Ariobarzanes I of Media Atropatene, also known as Ariobarzanes I of Media, Ariobarzanes of Atropatene, Ariobarzanes I and Ariobarzanes (flourished 1st century BC, ruled from 65 BC until 56 BC) was king of Media Atropatene.

Ariobarzanes I was a monarch of Median and possibly of Armenian, Greek descent. According to modern genealogies, Ariobarzanes I was a son of a previous ruling King Mithridates I and a daughter of the Armenian King Tigranes the Great and his wife, Cleopatra of Pontus, which can explain the claims of Mithridates I’s descendants to the Armenian kingship in opposition to the lasting ruling monarchs of the Artaxiad dynasty. Another possibility in linking Ariobarzanes I as a son born to Mithridates I and his wife is through his name. The name Ariobarzanes is a name of Iranian origin. There were Persian satraps who bore this name as did some of the ancestors of Cleopatra, daughter of King Mithridates VI of Pontus and his sister-wife Laodice.

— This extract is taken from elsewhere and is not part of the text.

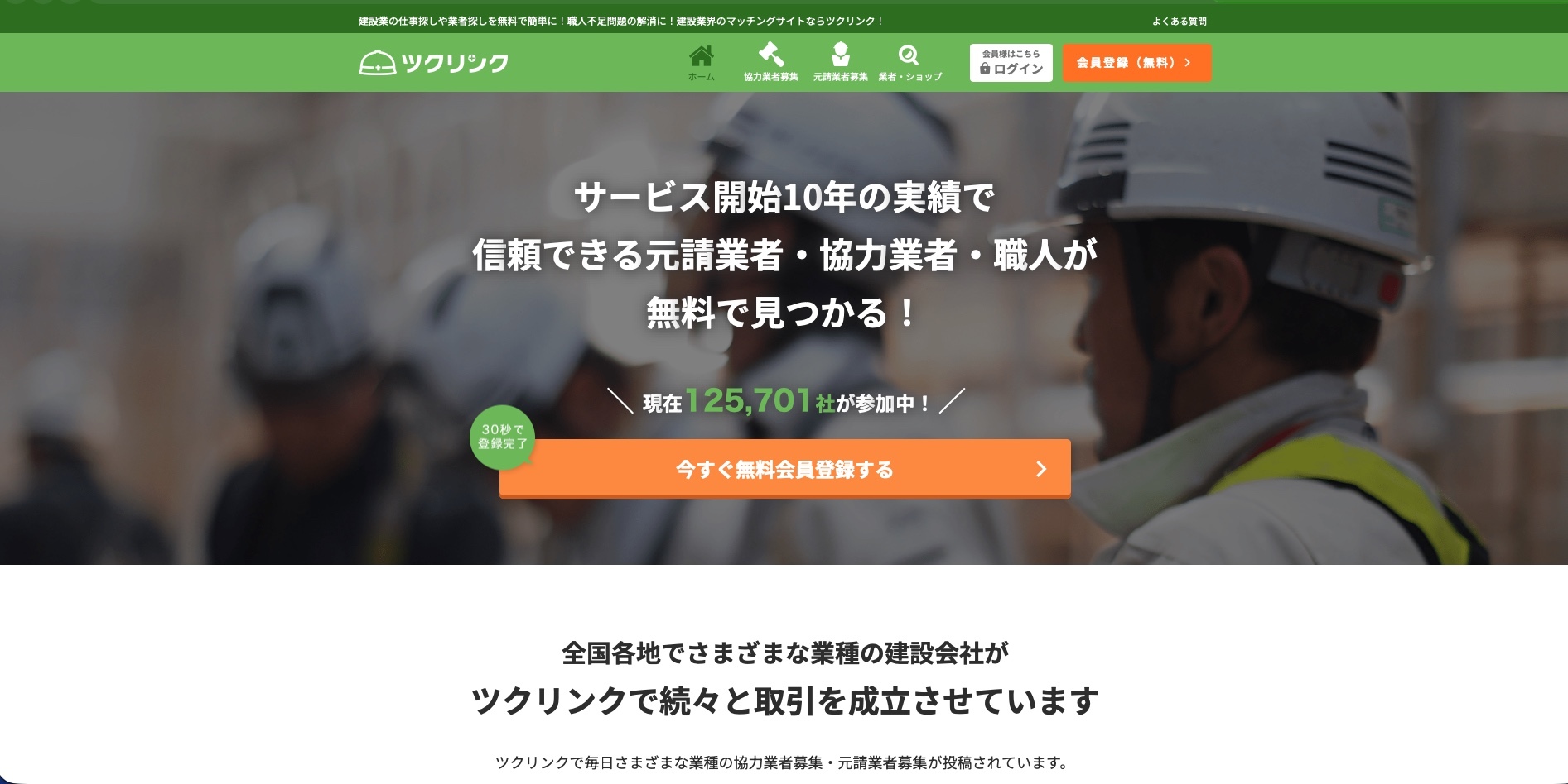 ツクリンクは、建設事業者同士の受発注をつなぐマッチングサービスです。電気工事会社にとっては、協力会社を探したい、新しい元請け先を開拓したい、案件の受注先を増やしたいという場面で使いやすい選択肢です。

Little is known on the life of Ariobarzanes I. Ariobarzanes I appeared to have succeeded Darius I as king of Media Atropatene in 65 BC, whom appeared to have a short reign. Ariobarzanes I and Darius I were related as they may have been brothers. Although Ariobarzanes I ruled from 65 BC til 56 BC, his reign in the time-scale would appear to preclude the short reign of Darius I and shows that he came to the throne sometime before 59 BC.

Little is known on the reign of Ariobarzanes I. He appeared to have died in 56 BC, as he was succeeded by his son Artavasdes I of Media Atropatene. His son from an unnamed wife, was born before 59 BC.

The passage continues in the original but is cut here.